Doch sie gehorchten. Vitu war ihr Allgeist, ihre einzige Göttin, die sehr deutlich zeigte, wie sie über das Volk der Thaimoa wachte. Wenn etwas in ihrem Namen geschah, dann wagte niemand, es anzuzweifeln. Wer wußte schon etwas von den Wegen und Prüfungen der Götter. Ukandar verstand dies wohl zu nutzen. Als hätte sie meine stumme Frage geahnt, erklärte mir Thamai endlich auch, warum die Vitu-peri Begünstigte waren. Sie verwandelten sich nämlich nicht in Tiere, wenn Vitu ihnen im Teich des Lebens ein neues Leben gewährte. Sie mußten alle ziemlich alt sein. Vielleicht auch Thamai. Kein Wort war bisher noch vom Tod gefallen – vom endgültigen Tod.
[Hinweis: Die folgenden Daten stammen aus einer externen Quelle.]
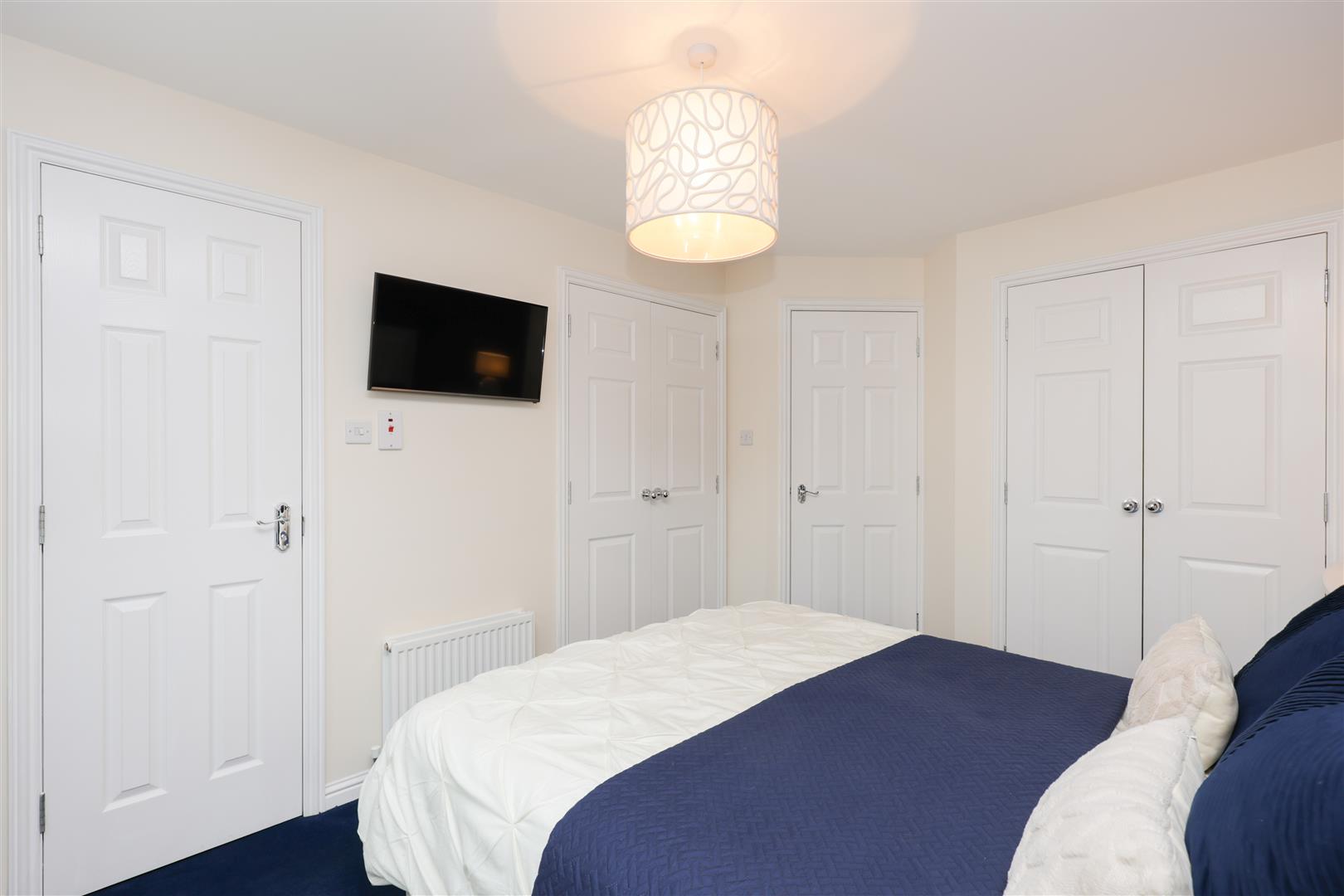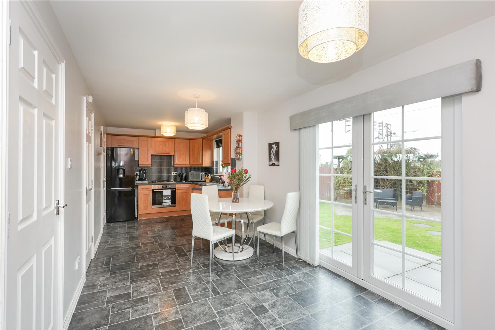 This beautiful detached property has been finished to a high standard throughout . On the ground floor the property offers a large and airy front facing lounge, a very generously sized dining kitchen with French doors leading out to the rear garden, a utility room and a WC. Upstairs, there are four bedrooms and a family bathroom finished with quality wall and floor tiling. The master bedroom is extremely generously sized and provides built in wardrobes and an en suite bathroom.
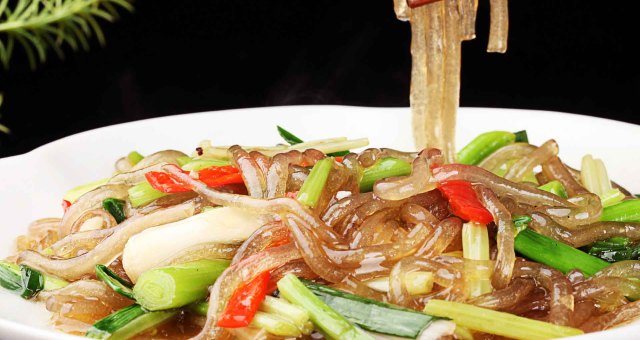 红薯粉条富含人体所需要的铁、钾、锌等营养元素,具有软化血管、提高食欲、润肌肤、美容颜、润肠通便、防肠癌之功效。

Gab es ihn überhaupt? Sie hatten nicht viel Nachwuchs. Kaum ein Dutzend Kinder hatte ich im Dorf gesehen. Unter anderen Gegebenheiten wäre solch ein Stamm zum Aussterben verurteilt gewesen. Ich hielt mich dicht an Thamais und Sibiles Seite, als sie zum Tempel gingen. »Du willst mit?« fragte sie verwundert am Tempeleingang, als ich nicht von ihrer Seite wich. Ich knurrte zustimmend. »Ich weiß nicht, ob das gehen wird«, sagte sie zweifelnd. »Ukandar ließ noch nie einen in Tiergestalt in den Tempel, wenn nicht triftige Gründe vorlagen ...« Ich schüttelte unwillig den Kopf.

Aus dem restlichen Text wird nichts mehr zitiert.